TASK PROMPT: Pictures must not appear in the copy. Restate exactly the lines below from the one with "กด 99 ธนาคารแห่งประเทศไทย" through the one with "Элегантность вне времени: этот", inclusive.

(Source data)
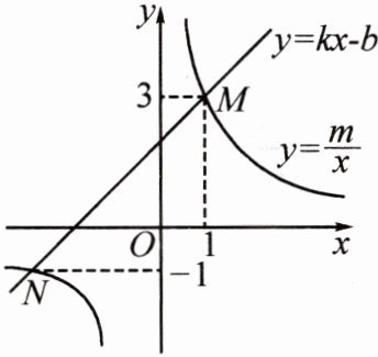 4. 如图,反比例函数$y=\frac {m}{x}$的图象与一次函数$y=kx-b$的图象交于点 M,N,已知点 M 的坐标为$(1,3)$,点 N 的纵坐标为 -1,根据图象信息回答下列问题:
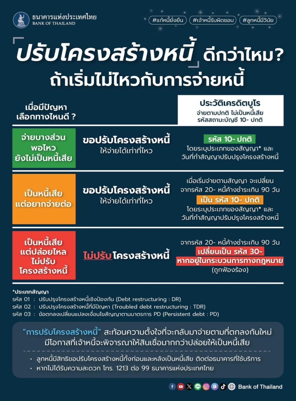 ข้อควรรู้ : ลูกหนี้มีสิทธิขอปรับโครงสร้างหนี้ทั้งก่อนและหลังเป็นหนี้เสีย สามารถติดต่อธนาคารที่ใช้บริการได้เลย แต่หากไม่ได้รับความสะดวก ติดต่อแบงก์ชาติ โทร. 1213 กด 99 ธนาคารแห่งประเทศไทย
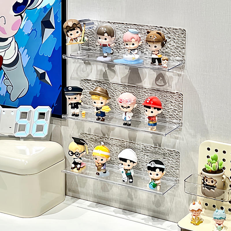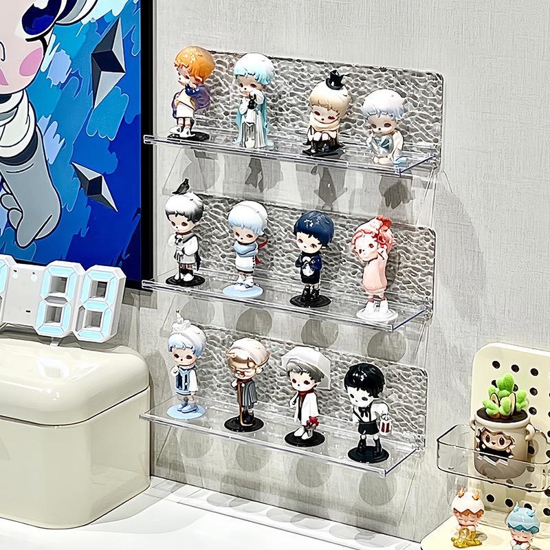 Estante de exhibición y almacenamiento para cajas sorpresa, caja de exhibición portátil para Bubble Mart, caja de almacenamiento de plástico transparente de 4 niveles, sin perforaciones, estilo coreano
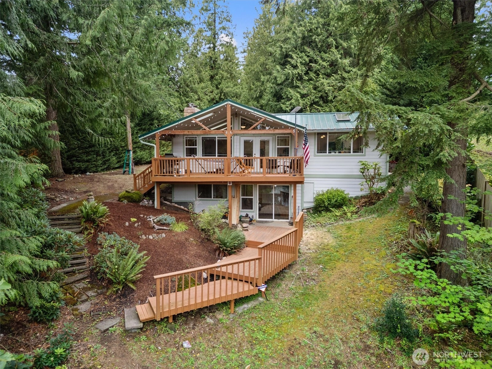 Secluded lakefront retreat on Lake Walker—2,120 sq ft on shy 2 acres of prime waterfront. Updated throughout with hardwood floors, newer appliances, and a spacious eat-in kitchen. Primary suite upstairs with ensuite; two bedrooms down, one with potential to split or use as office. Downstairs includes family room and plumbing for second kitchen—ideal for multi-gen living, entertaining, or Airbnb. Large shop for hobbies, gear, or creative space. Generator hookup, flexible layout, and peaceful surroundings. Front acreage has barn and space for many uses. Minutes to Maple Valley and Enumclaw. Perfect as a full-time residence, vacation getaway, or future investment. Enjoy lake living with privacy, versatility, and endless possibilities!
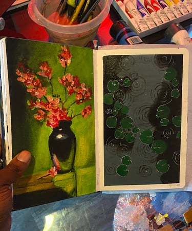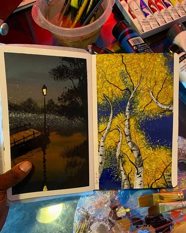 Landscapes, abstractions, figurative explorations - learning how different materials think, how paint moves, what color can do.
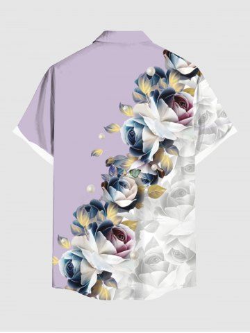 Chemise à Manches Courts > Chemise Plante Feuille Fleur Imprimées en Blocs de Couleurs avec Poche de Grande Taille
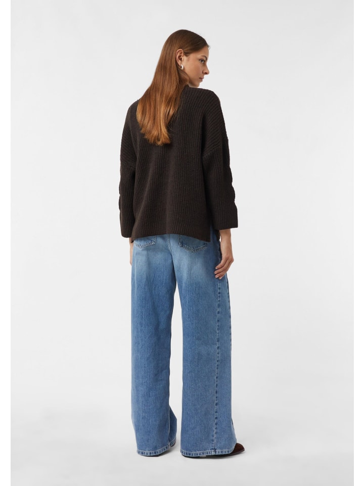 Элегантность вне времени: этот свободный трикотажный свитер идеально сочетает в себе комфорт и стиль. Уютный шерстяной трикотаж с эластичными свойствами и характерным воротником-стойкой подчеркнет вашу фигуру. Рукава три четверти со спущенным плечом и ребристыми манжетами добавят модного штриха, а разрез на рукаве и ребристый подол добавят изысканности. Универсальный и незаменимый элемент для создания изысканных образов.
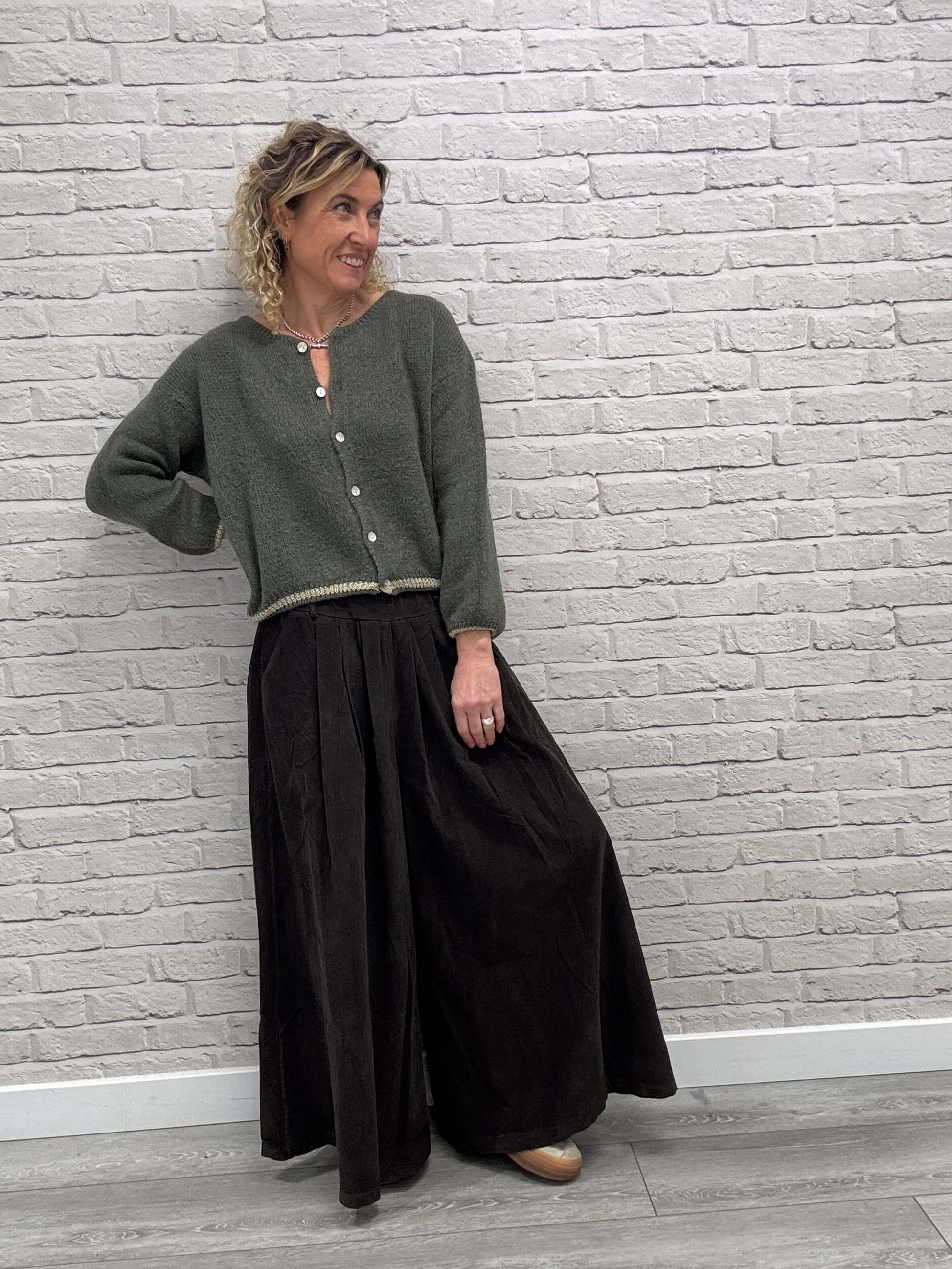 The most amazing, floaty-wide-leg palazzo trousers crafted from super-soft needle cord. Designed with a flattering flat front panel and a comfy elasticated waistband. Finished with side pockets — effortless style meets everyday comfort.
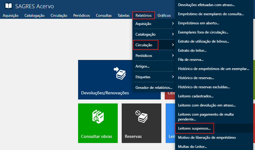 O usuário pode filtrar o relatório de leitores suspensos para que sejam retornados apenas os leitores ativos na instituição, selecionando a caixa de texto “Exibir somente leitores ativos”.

EXERCISE RESPONSE:
 ข้อควรรู้ : ลูกหนี้มีสิทธิขอปรับโครงสร้างหนี้ทั้งก่อนและหลังเป็นหนี้เสีย สามารถติดต่อธนาคารที่ใช้บริการได้เลย แต่หากไม่ได้รับความสะดวก ติดต่อแบงก์ชาติ โทร. 1213 กด 99 ธนาคารแห่งประเทศไทย
 Estante de exhibición y almacenamiento para cajas sorpresa, caja de exhibición portátil para Bubble Mart, caja de almacenamiento de plástico transparente de 4 niveles, sin perforaciones, estilo coreano
 Secluded lakefront retreat on Lake Walker—2,120 sq ft on shy 2 acres of prime waterfront. Updated throughout with hardwood floors, newer appliances, and a spacious eat-in kitchen. Primary suite upstairs with ensuite; two bedrooms down, one with potential to split or use as office. Downstairs includes family room and plumbing for second kitchen—ideal for multi-gen living, entertaining, or Airbnb. Large shop for hobbies, gear, or creative space. Generator hookup, flexible layout, and peaceful surroundings. Front acreage has barn and space for many uses. Minutes to Maple Valley and Enumclaw. Perfect as a full-time residence, vacation getaway, or future investment. Enjoy lake living with privacy, versatility, and endless possibilities!
 Landscapes, abstractions, figurative explorations - learning how different materials think, how paint moves, what color can do.
 Chemise à Manches Courts > Chemise Plante Feuille Fleur Imprimées en Blocs de Couleurs avec Poche de Grande Taille
 Элегантность вне времени: этот свободный трикотажный свитер идеально сочетает в себе комфорт и стиль. Уютный шерстяной трикотаж с эластичными свойствами и характерным воротником-стойкой подчеркнет вашу фигуру. Рукава три четверти со спущенным плечом и ребристыми манжетами добавят модного штриха, а разрез на рукаве и ребристый подол добавят изысканности. Универсальный и незаменимый элемент для создания изысканных образов.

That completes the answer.